Application of remote sensing using a GIS based soil water assessment tool(SWAT)to estimate river discharge in the Kabompo river basin-Zambia
MetadataShow full item record
The Kabompo river basin with an area of 72,000 km2, in North-Western Zambia is one of the major tributaries of the upper Zambezi River. Key water resources management problems in the Kabompo include water allocation to agriculture and ecosystems, effects of land-cover change on the flow regime and potential impacts from mine tailing dams. The objectives for the study were to apply Remote Sensing and a GIS based Soil Water Assessment Tool (SWAT) to estimate river discharge for the basin in order to address the water resource management challenges.

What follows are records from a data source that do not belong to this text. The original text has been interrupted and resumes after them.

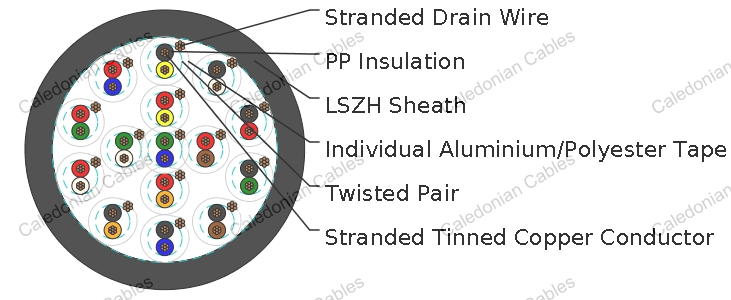 These cables have individually screened pairs laid up. Each individually screened pair has a 22AWG stranded tinned copper drain wire. These cables are used as computer cables.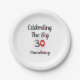 Paper Plates for a party for some one celebrating the 30th birthday. Black and red letters "Celebrating the Big 30"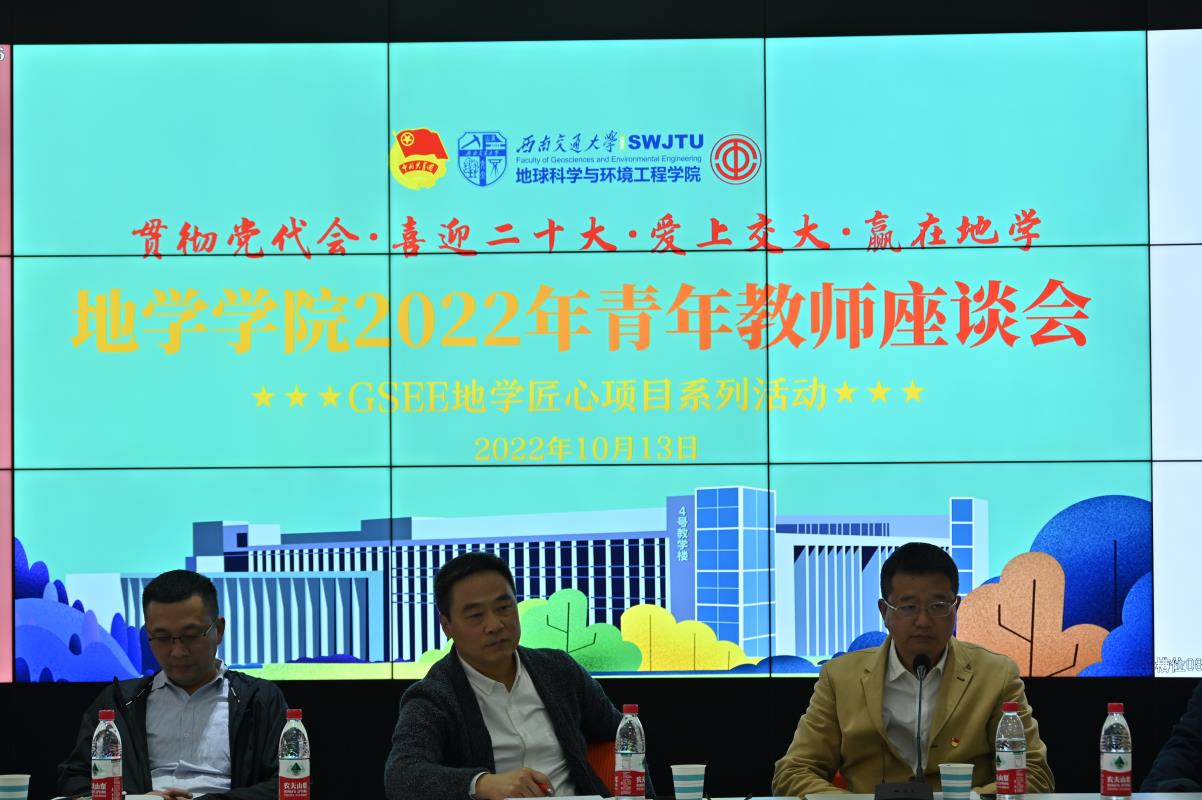 为迎接党的二十大胜利召开,深入贯彻学校第十五次党代会精神,增进地学学院教职工的认同感与归属感,凝聚奋进力量,建功新时代,10月13日下午,地学学院党政工团联合举办青年教师座谈会,出席本次活动的有学院党委书记关秦川,执行院长刘国祥,党委副书记、副院长许军华,党委副书记和纪委书记傅尤刚,副院长张玉春、赵晓彦、朱军,院长助理曹云刚等党政领导,院工会主席蔡红波、院团委书记杨都强等学院工会委员,学院各科室主任,及各系青年教师。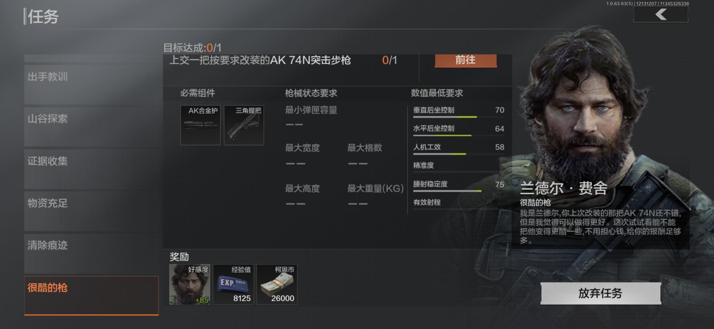 来来来,任务里说给我的报酬完全足够,我一个合金护五万多买的,你和我说完全够。抛开这个不说,我忍了。等我改装完要提交的时候更离谱的来了,我看到了数值最低要求。就这个数值要求,几乎就是满改的了,你的意思就是一把满改得枪只需要2.6万吗?我还以为是26万,结果仔细一看,我傻眼了。官方你自己去玩玩你的游戏行不行。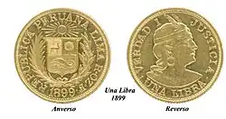 Ante la depreciación debido a la sobreproducción de la plata, en 1897 se emprendieron una serie de políticas monetarias para adoptar el patrón de oro.[20] Se pretendía cambiar la unidad monetaria vigente entonces, el Sol de Plata, por una nueva de oro. Este proyecto tuvo fuertes resistencias, sobre todo entre los exportadores, quienes tenían mayores ganancias cuando el sol valía menos. Finalmente, por ley del 29 de diciembre de 1897, el gobierno ordenó la acuñación de monedas en oro, con el mismo peso y ley que la libra esterlina inglesa. Un decreto del 10 de enero de 1898 estableció el peso y ley de la nueva moneda nacional, la que se llamaría Libra Peruana y tendría en el anverso un escudo del Perú y por el reverso la efigie de un Inca. Durante el siguiente gobierno de Eduardo López de la Romaña, por ley de 14 de diciembre de 1901, se legalizó esta situación.[35]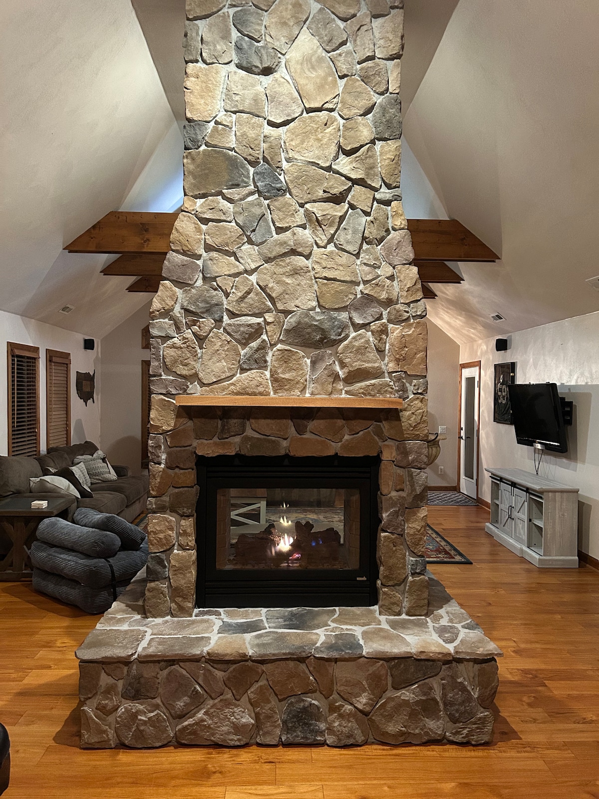 Relax at this tranquil country retreat! This 1,100 sq ft loft sits above a garage behind the main Country Escape rental. The deck overlooks a wooded, park-like yard, giving it a cozy treehouse feel. Thoughtful décor and repurposed doors (the inspiration for its name, “Next Door”) create a welcoming space. Perfect for unwinding and recharging while still close to local attractions.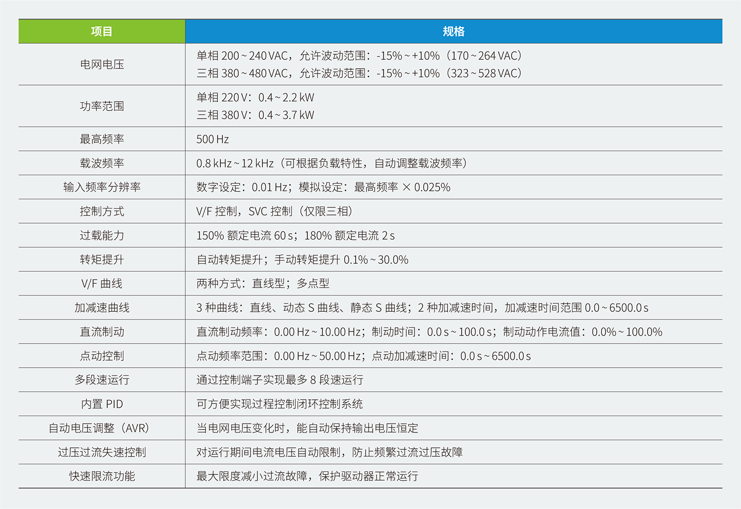 6、更大的額定電流設(shè)計,過載電流更大,加速時間更短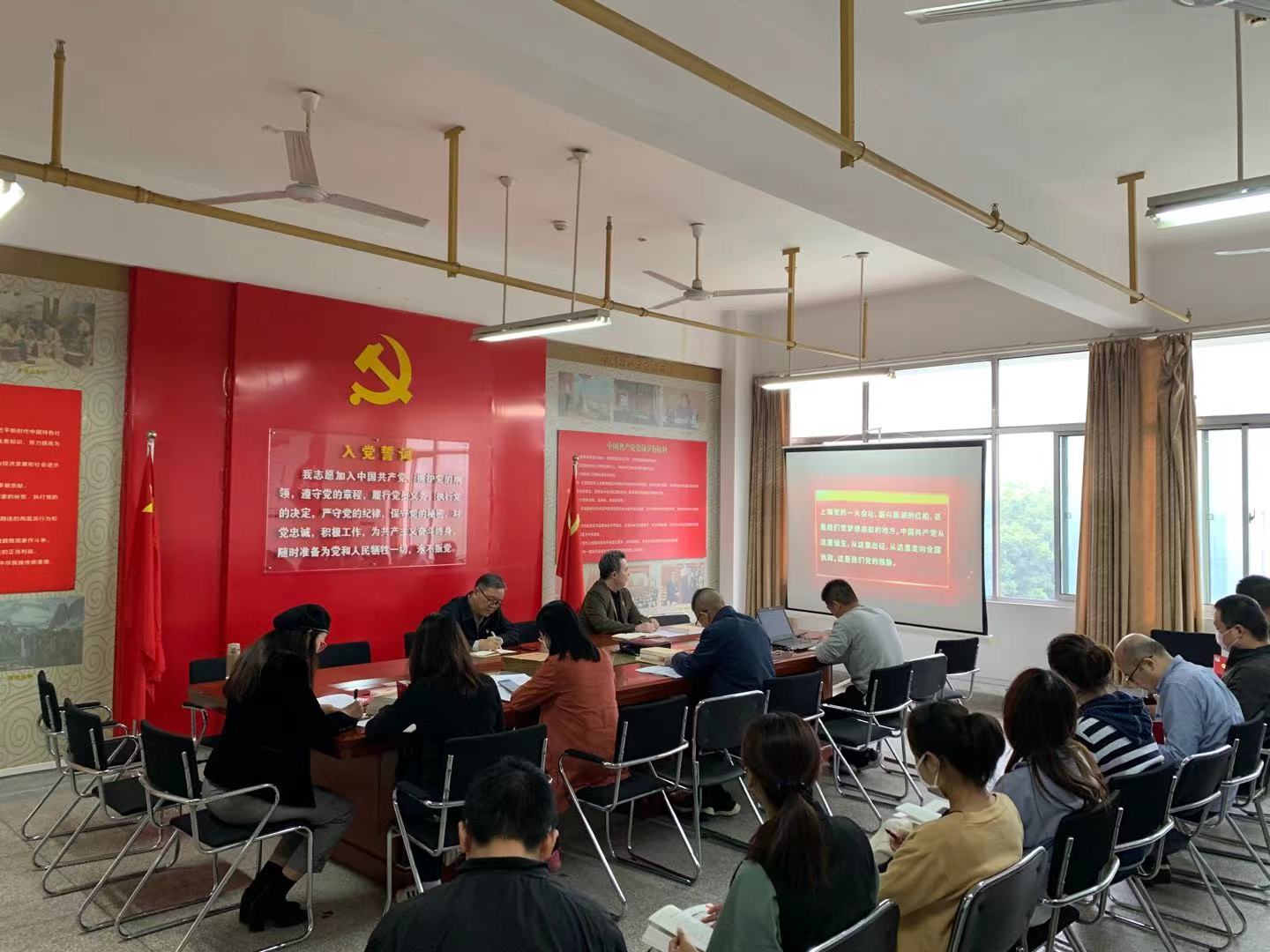 交流环节,党员同志纷纷围绕本次学习内容进行了主题发言。常同珍老师、杨朝老师分别从自己学习四本书的体会谈起,结合“七一讲话”精神,分享了自己将党史学习应用于自己学习、工作、生活,红色文化植入专业课程进行课程思政的教学心得。李全同志分享了自己党史学习体会后,还对与会全体党员进行了党史学习方法指导,如何进行内容批注、精读、思考,怎样将理论联系工作等方面进行了系统指导。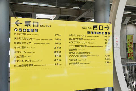 | 東西自由通路に掲げられた、東口・西口の案内板。 町村名の由来となった 『矢吹神社』 は記載されていない。(名所案内ではないので・・・) ちなみに 『矢吹神社』 は西口 0.5kmである。 |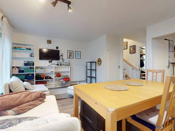 🏠 LE LOGEMENT La pièce de vie, baignée de lumière naturelle, s’ouvre directement sur le jardin. Elle est meublée avec un canapé, des fauteuils, une bibliothèque, un grand placard de rangement ainsi qu’une table à manger pour vos moments conviviaux en famille ou entre amis. La cuisine est équipée d’un four, de plaques de cuisson, d’une hotte, d’un évier, d’un réfrigérateur avec compartiment congélateur, ainsi que de nombreux rangements et ustensiles de cuisine (dont un grille-pain). Une première salle de bain se situe au rez-de-chaussée, avec douche, meuble vasque et WC intégré. À l’étage, vous trouverez les trois chambres : La chambre parentale (13 m²) avec lit double, télévision et placard. Une seconde chambre, équipée d’un lit simple, d’une étagère et d’une armoire. La troisième chambre, aménagée avec un bureau et des étagères. Elle peut être transformée selon vos besoins : chambre d’amis ou espace de travail. Une deuxième salle de bain, avec baignoire, est également disponible à l’étage. Une machine à laver est mise à disposition pour votre confort.
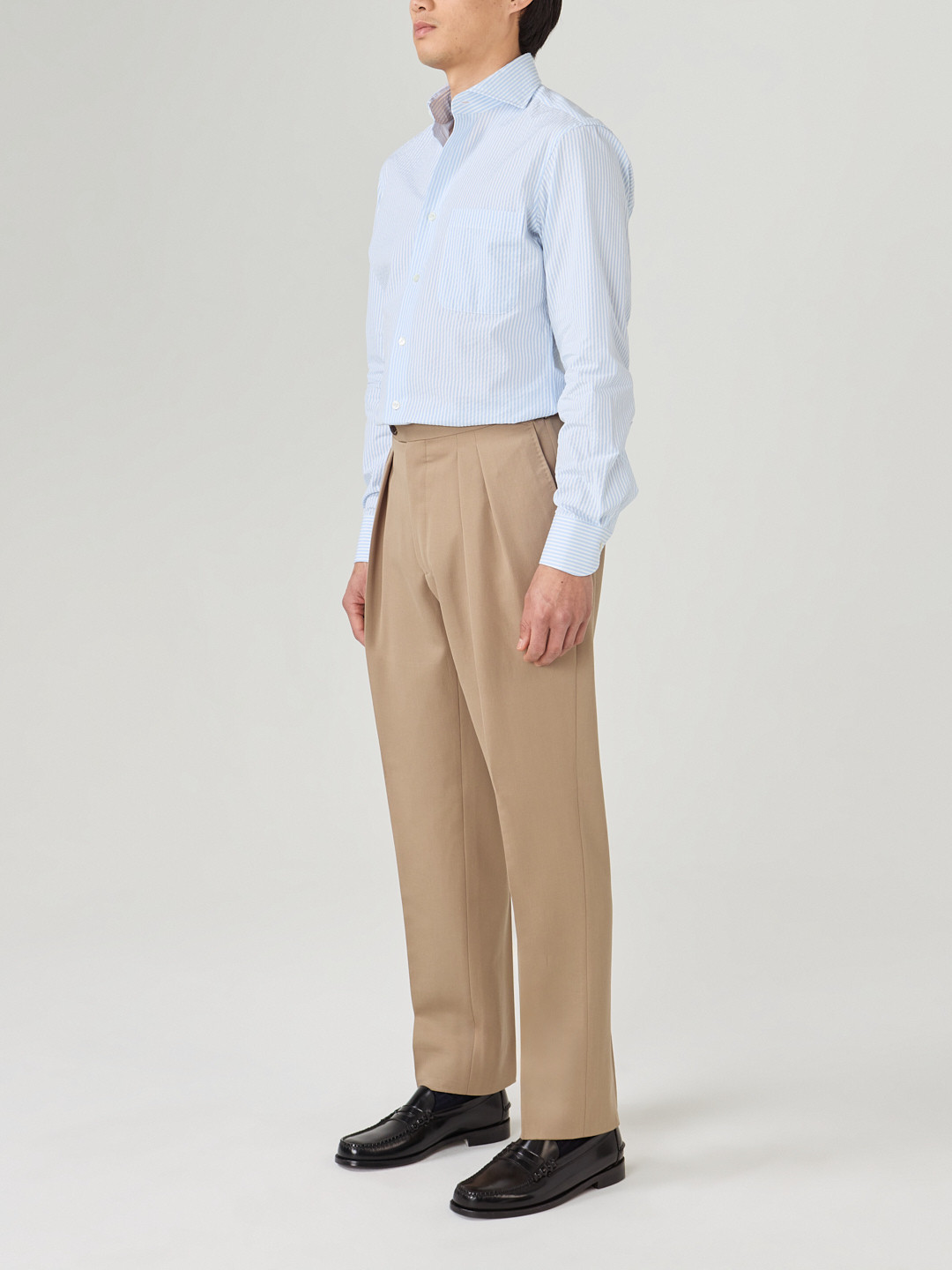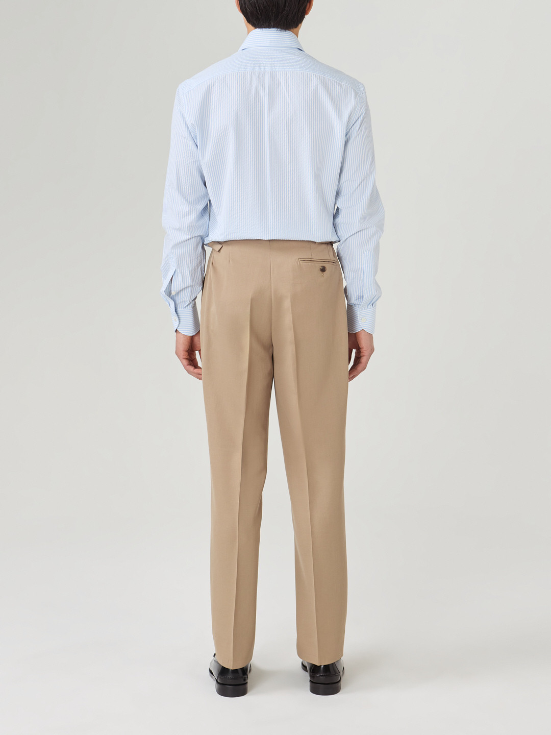 Blue striped seersucker, Thomas Mason. Seersucker has little wrinkling, it is a comfortable fabric and very pleasant to wear even when temperatures are high. It can be worn under a cotton or cold wool suit or very casually.

Because of paucity of observed data in the Kabompo basin, the model primarily depended on remote sensing datasets for calibration and validation. The Kabompo basin was discretized into 177 sub-basins with a total of 1004 hydrological response units. Methodology included the use of a semi-distributed; ArcGIS based Soil Water Assessment Tool (SWAT) software for hydrological modeling. Remote sensing data sets that included weather data, drainage network and slopes, landuse/ land cover and soils were used to create a database for the sub-basins using ArcGIS. The simulated flow from the SWAT model was calibrated with ESA ERS-2 and ENVISAT radar altimetry river stage values converted to discharge. Observed river flow data for six stations over different time periods between 1990 and 2007 were used in validation and uncertainty analysis of the radar altimetry flow data and remotely sensed weather data, respectively. The model’s results showed good correlation with observed data giving a Nash Sutcliffe coefficient of 0.87 and an R² value of 0.93, after calibration. The simulation results obtained from the model can be used in a number of water resources management activities like water rights, water allocation, and flood warning. The model is able to generate estimated river flow and stage values even for un-gauged streams. It’s also able to simulate long-term data of a wider area including inaccessible locations than conventional hydrological techniques. It is concluded that remote sensing is a useful tool for estimation of hydrological data where it is lacking or in unguaged and in accessible areas. Its wide use in a country like Zambia should greatly improve water resources management in a number of areas.